C’est pourquoi la Cour a déclaré la requête irrecevable sur la base des articles 17 et 35 par. 3 let. a et 4 CEDH.78 Un autre exemple de l’application de l’abus de droit réside dans l’affaire Norvood c. Angleterre dans laquelle une banderole d’un parti extrémiste avait pour teneur

« Islam out of Britain- Protect the British People » avec le symbole du croissant et de l’étoile dans un panneau d’interdiction.79 Par le même raisonnement que la précédente affaire, la Cour a considéré que l’attaque contre un groupe religieux en le reliant de plus à un acte de terrorisme était incompatible avec les valeurs de la Convention.
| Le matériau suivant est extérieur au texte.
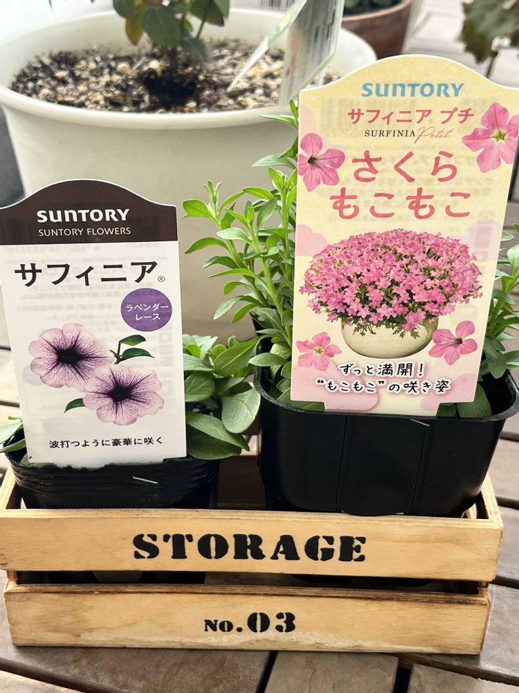 こんにちは✨ 今日、晴れていて昼過ぎの気温18℃で☀️過ごしやすいです🎵 1️⃣先週土曜日に☺️サントリーサフィニアプチさくらもこもことサフィニアラベンダーレースを買いました😄 さくらもこもこは育てた事がありまして😊また可愛い花を見たくて😆🎵ラベンダーレースは初めてで☺️たのしみです🎶 2️⃣今朝、植え付けました✨ 3️⃣去年5月から育ててますベゴニア✨室内で冬越しして🍀先月からベランダに出してます😊 丈夫で、ずっと元気です🎵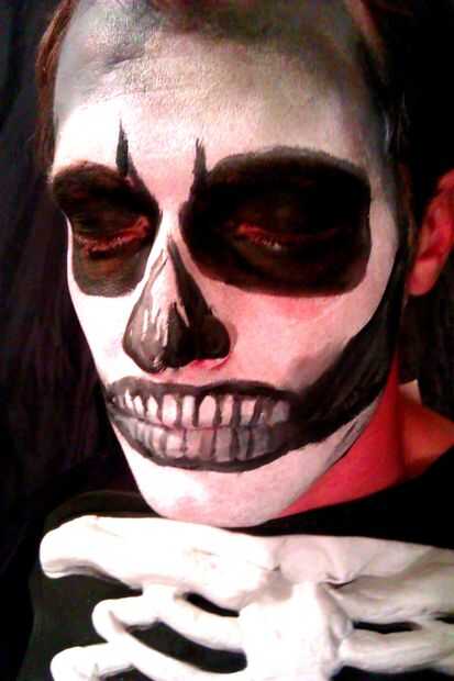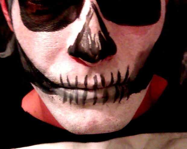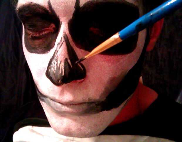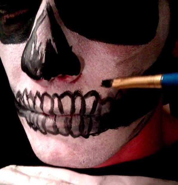2. dibujar líneas verticales en los labios ligeramente espaciados para indicar los dientes. Utilice el pincel más pequeño. Ayuda a tener una mano firme para esta parte mientras se aplica lentamente las líneas negras finas. Si las líneas son un poco inestables como la mía que está muy bien. (Recuerda siempre secar su cepillo sobre toalla de papel si la pintura parece demasiado que moquea).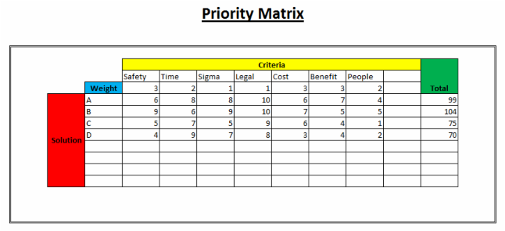 A Priority or Prioritization Matrix is used to help choose between alternative solutions. Given a set of criteria, each solution is scored against each criterion and the weighted sums for the solutions are calculated. The solution with the highest scores is judged to be most capable of meeting the criteria.
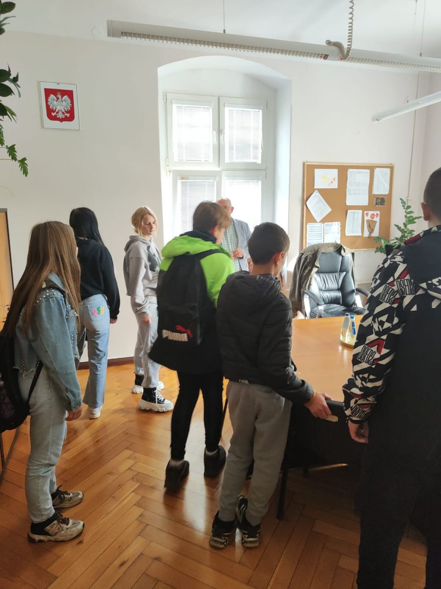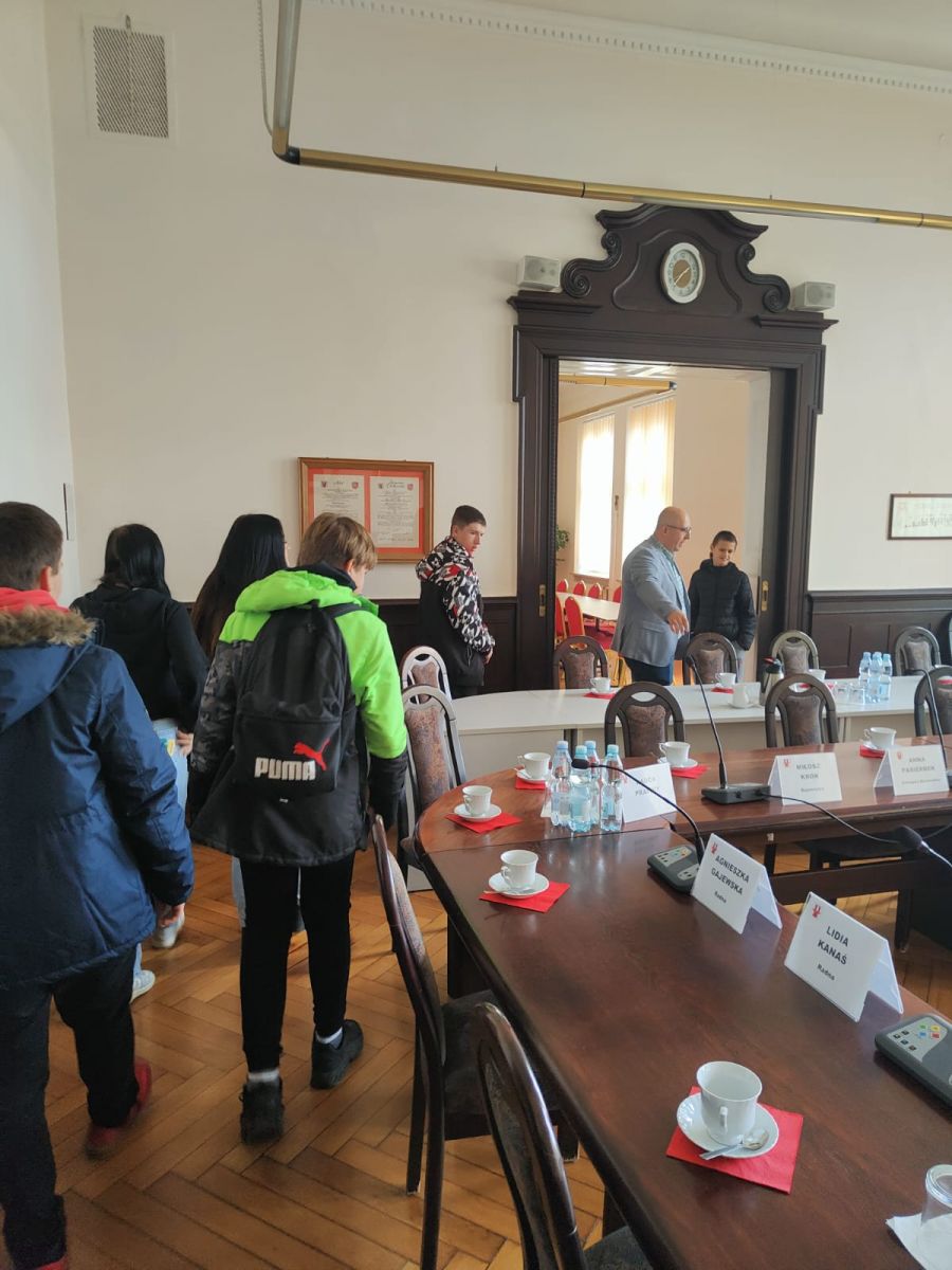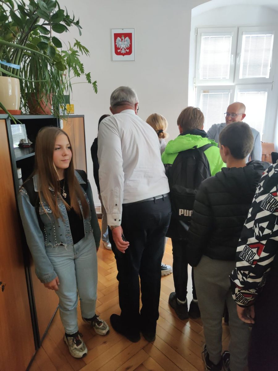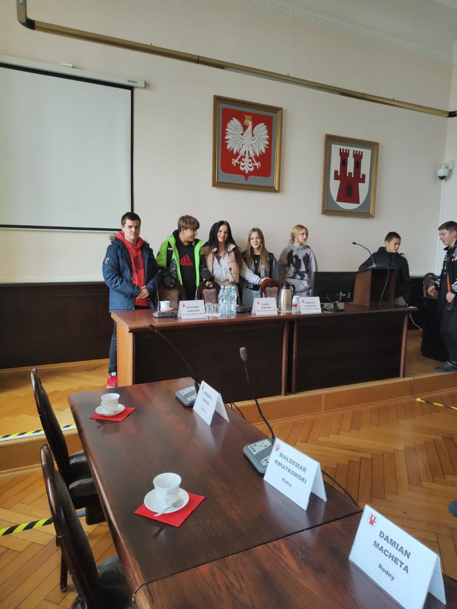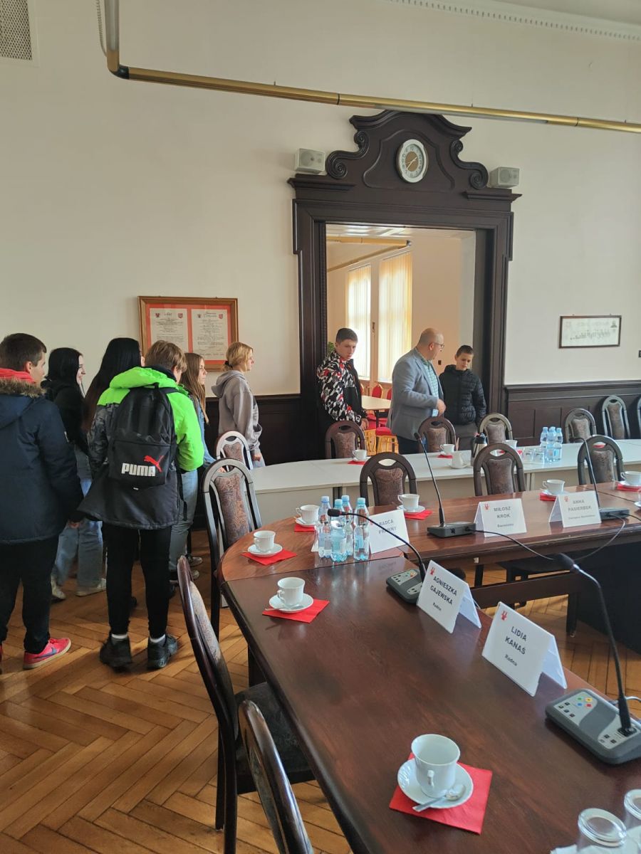 Dodatkową atrakcją była wizyta w gabinetach burmistrza, sekretarza oraz pani skarbnik. Mieliśmy również okazję poznać radnych uczestniczących w obradach.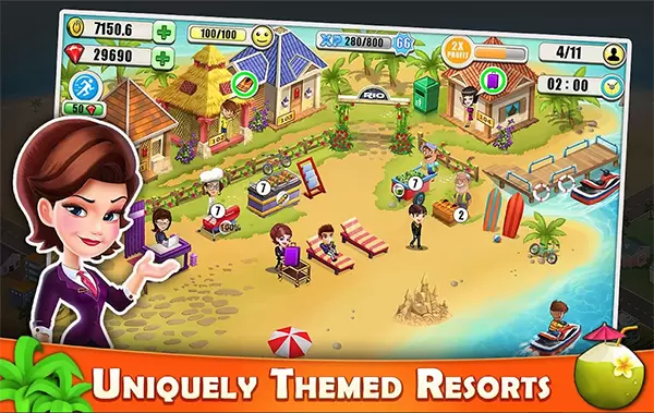 度假村大亨是一款精美的度假村模拟游戏,可测试您的时间和资源管理技能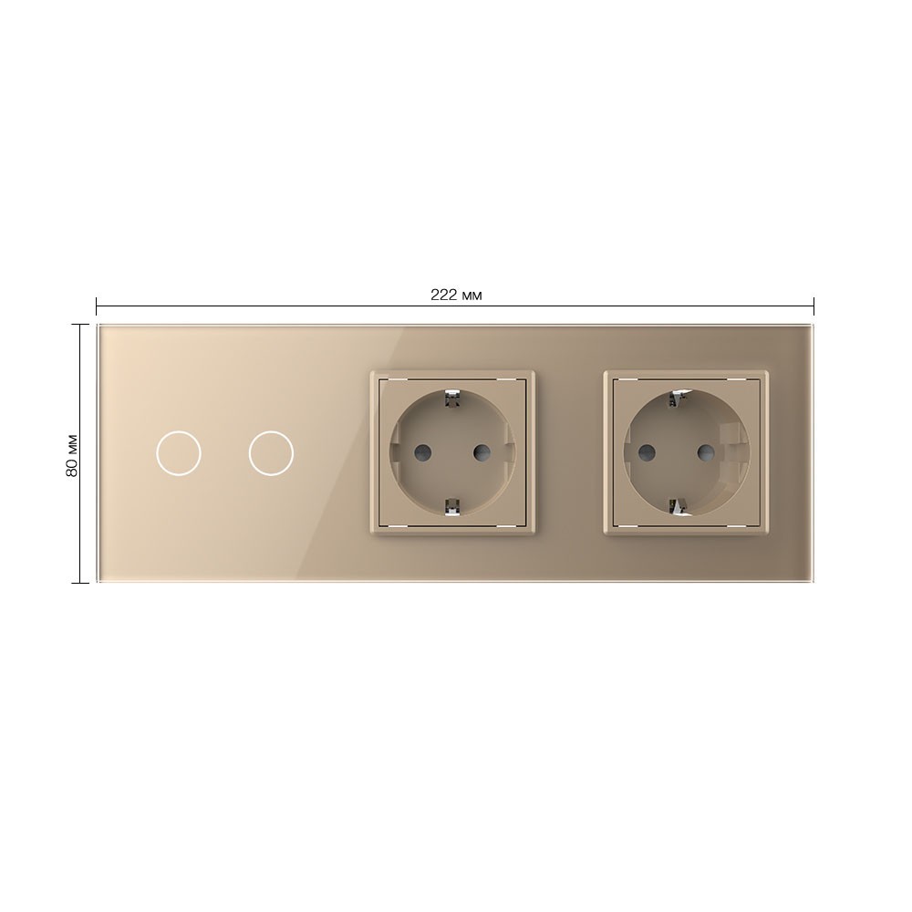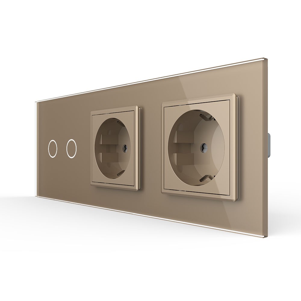 Сенсорный выключатель комбинированный на 2 линии 2 розетки 3 модуля Золотой Livolo в Орске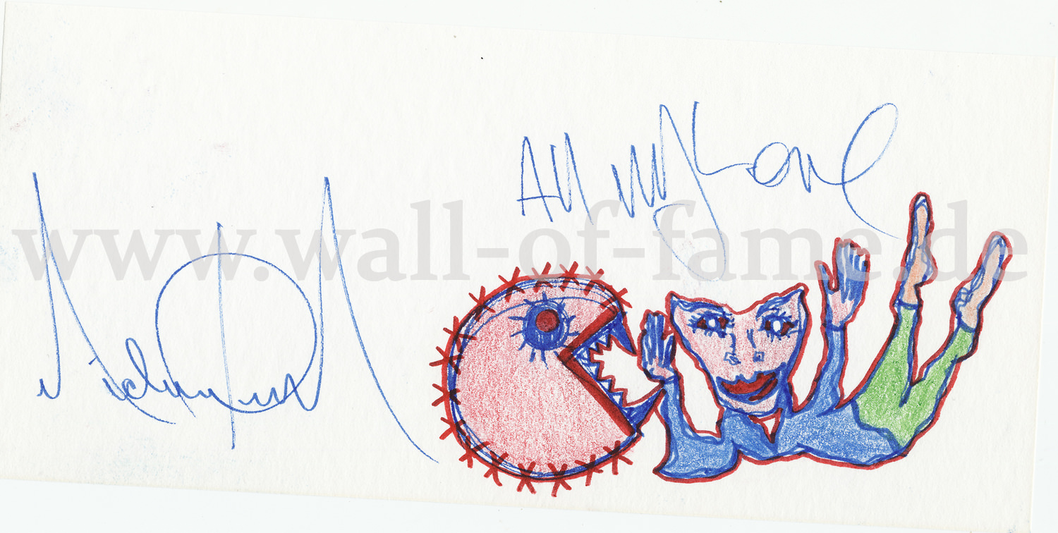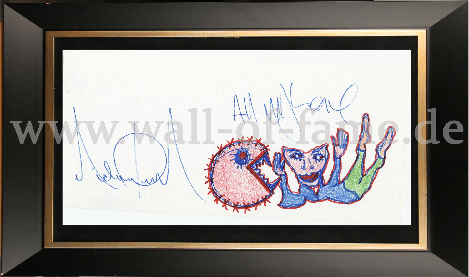 Michael Jackson has hand drawn this colour picture that he has also signed and inscribed “All My Love, Michael Jackson” in blue ink on white paper, signed, 8,5 by 4 cm, with a frame on request, EUR 3800,-

Mises à part ces quelques exemples, l’utilisation de l’article 17 CEDH par la Cour demeure rare, voire exceptionnelle. En effet, malgré ses termes soustrayant clairement l’incitation à la haine raciale de la protection de l’article 10 par. 1 CEDH, la Cour a tendance à privilégier la deuxième voie juridique, à savoir l’examen de conventionnalité au sens classique. C’est pourquoi, la grande majorité des affaires d’incitation à la haine ne contenant pas de propos négationnistes est traitée uniquement sous le champ des restrictions à la liberté d’expression mentionné à l’article 10 par. 2 CEDH.

En conséquence, le discours d’incitation à la haine n’est pas condamné de la même manière.

Lorsqu’il s’agit de propos négationnistes, l’article 17 CEDH est au centre du raisonnement de la Cour, que celui-ci soit utilisé directement dans sa fonction originelle ou indirectement lors de l’analyse au fond de la requête. En revanche, les autres formes d’incitation à la haine s’examinent principalement par le biais des restrictions à la liberté d’expression de l’article 10 par. 2 CEDH.